All Terrain Tracked Carrier

Also, if you were wondering, no, the actual driving test hasn’t arrived yet. That’s tomorrow. So far, though, I’ve managed to drive over 24 kilometres without crashing (although there was that one time my hand got stuck on the signal indicator switch and I almost oversteered into a tree), so that should be a good sign.

I always keep forgetting to sound the horn before starting my engine, though. I mean, what the fuck? Why on earth would anyone even do that? It defies all logic, both tactically speaking and practically speaking. If I wanted people to know I was moving off, I think the sound of an engine coughing is warning enough. It’s one of the many things that nag away at my conscience whenever I wear my utilities, that scream why the fuck are you supporting such stupid practices with each button on my uniform that I fasten.
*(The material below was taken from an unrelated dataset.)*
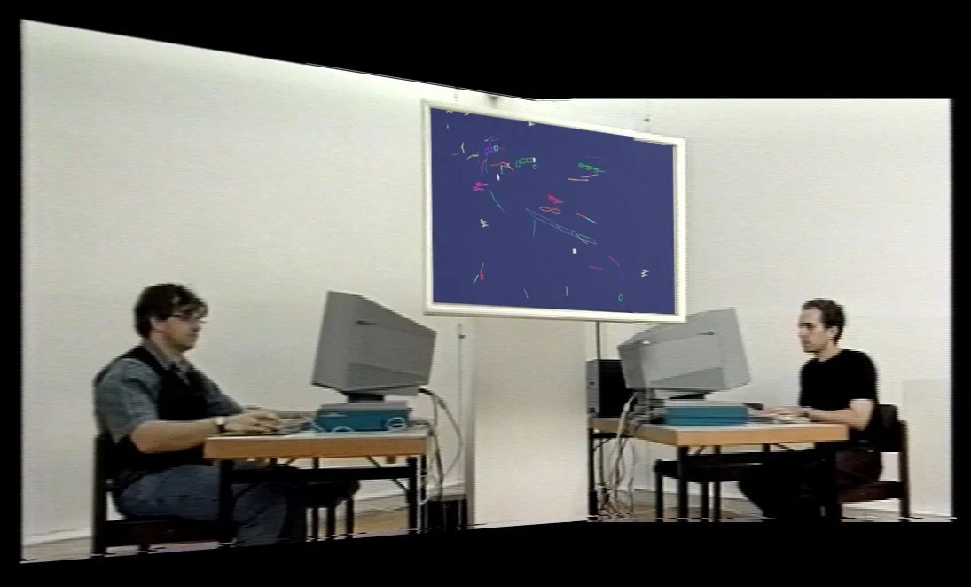 Motion Phone was Snibbe’s first exhibited work of interactive art that grew out of his study and passion of the abstract and experimental film of Oskar Fischinger, Len Lye, and Lotte Reininger. With Motion Phone, Snibbe creates a “visual instrument” for performing abstract animation like jazz, rather than composing it frame-by-frame. The piece is a one-second loop on an infinite digital canvas that people in remote locations can add more and more animated marks too, creating a shared composition and communicating with pure abstraction.

Also, no, drifiting with an ATTC would probably just result in a turtling-over and a one-way ticket to the detention barracks for dangerous driving. It’s a tempting thought, though: your gunner firing his 7.62 FN MAG while you rage through a hairpin, kicking up a cloud of dust to cover your approach, tracks screeching bloody murder through every beautiful moment of it.

I’ll be back with more details about the course soon, though I’m actually waiting for our floatation driving to be over before I write about it, for obvious reasons. I mean, come on, we’re going fucking swimming.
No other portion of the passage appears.